+++ STORED DATA +++

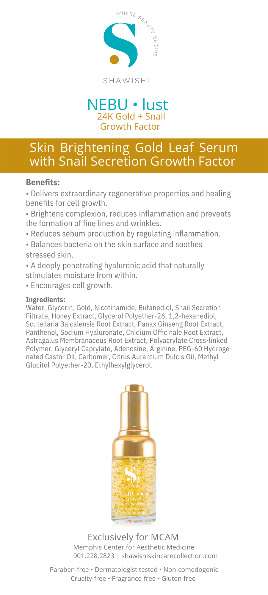 Water, Glycerin, Gold, Nicotinamide, Butanediol, Snail Secretion
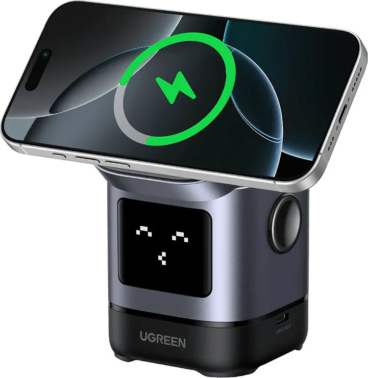 UNO - Wireless Charger 2in1 Die perfekte lustige Desktop-Assistent: UGREEN UNO Ladestation iPhone ist mit einem Roboter-Look, die LED-Anzeige auf dem Körper kann visuell zeigen die beiden Zustände der Ladestation, so dass du leicht weisst, den Ladestatus dein...
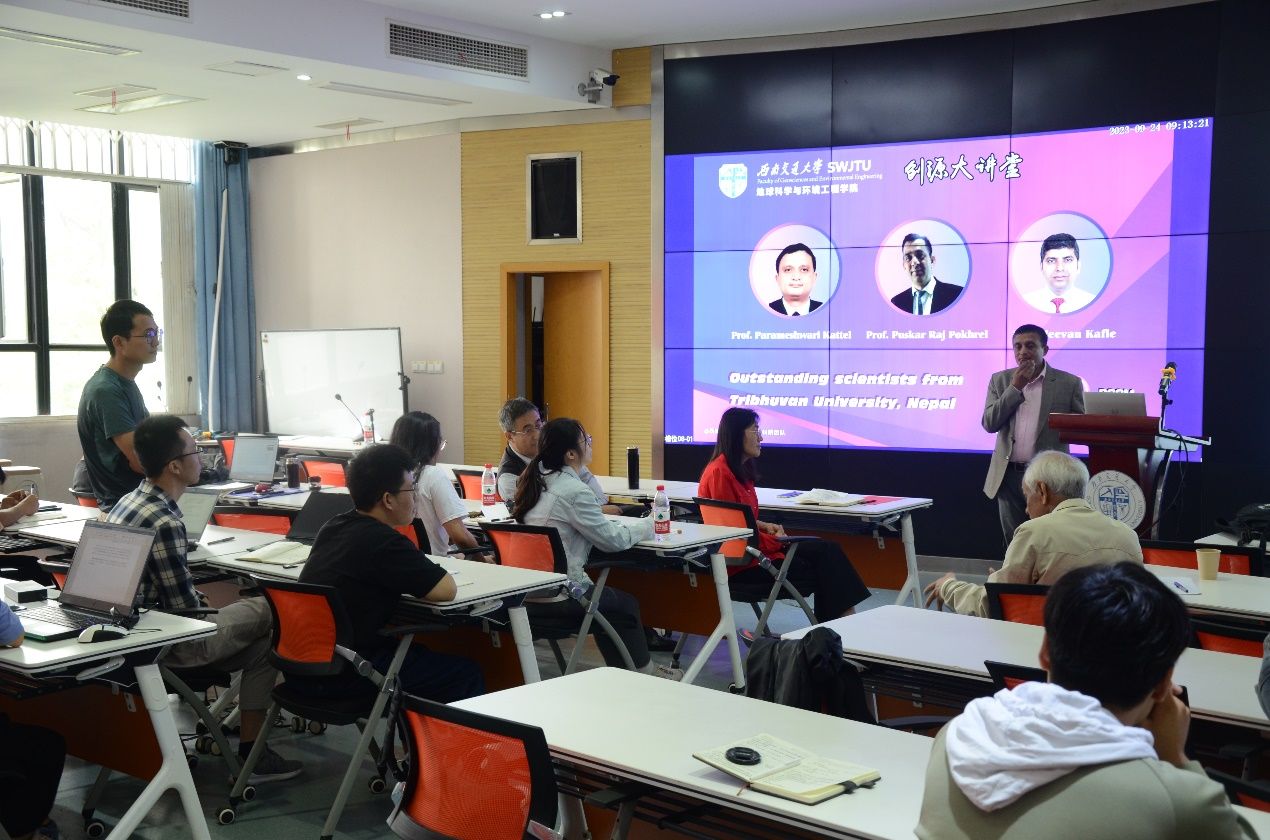 为推动国际化示范学院建设,开阔师生国际视野,提高师生科研能力,营造良好学术氛围,我院程谦恭教授团队特邀来自尼泊尔特里布文大学的Parameshwari Kattel、Puskar Raj Pokhrel和Jeevan Kafle三位副教授开展学术交流活动。三位学者长期从事颗粒流研究,擅长从力学和数学的角度出发,开展滑坡、泥石流等不同类型地质灾害运动演化过程研究。本次活动以线下与线上会议相结合的方式开展,累计70余人次参会。参会人员认真听取学习了3位学者的学术报告,并在会后积极与学者交流,受益匪浅。
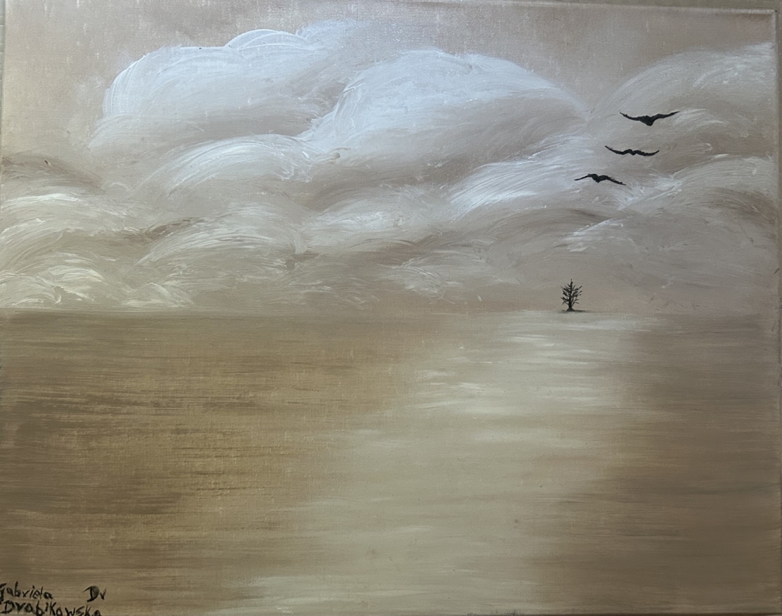 Obraz olejny, namalowany na płótnie z kolekcji Piękno w Prześwitach. Przedstawia nostalgiczny moment powrotu ptaków do swojego drzewka i drogę ze światła do samotności bądź drogę do spokoju. Symbolizuje jedność, światło, samotność, spokój. Kolorystyka beż, brąz, biel była dobrana aby nie tylko obraz wzbudził różne emocje w tym spokój oraz chwile do rozmyśleń ale i również pasował do wnętrz.

+++

**PROBLEM DETAILS**
Nothing should appear in the answer except the lines from the first line of the data through the line holding "Kattel、Puskar Raj Pokhrel和Jeevan", exactly as written, with pictures left out.

**ANSWER TO THIS TASK**
 Water, Glycerin, Gold, Nicotinamide, Butanediol, Snail Secretion
 UNO - Wireless Charger 2in1 Die perfekte lustige Desktop-Assistent: UGREEN UNO Ladestation iPhone ist mit einem Roboter-Look, die LED-Anzeige auf dem Körper kann visuell zeigen die beiden Zustände der Ladestation, so dass du leicht weisst, den Ladestatus dein...
 为推动国际化示范学院建设,开阔师生国际视野,提高师生科研能力,营造良好学术氛围,我院程谦恭教授团队特邀来自尼泊尔特里布文大学的Parameshwari Kattel、Puskar Raj Pokhrel和Jeevan Kafle三位副教授开展学术交流活动。三位学者长期从事颗粒流研究,擅长从力学和数学的角度出发,开展滑坡、泥石流等不同类型地质灾害运动演化过程研究。本次活动以线下与线上会议相结合的方式开展,累计70余人次参会。参会人员认真听取学习了3位学者的学术报告,并在会后积极与学者交流,受益匪浅。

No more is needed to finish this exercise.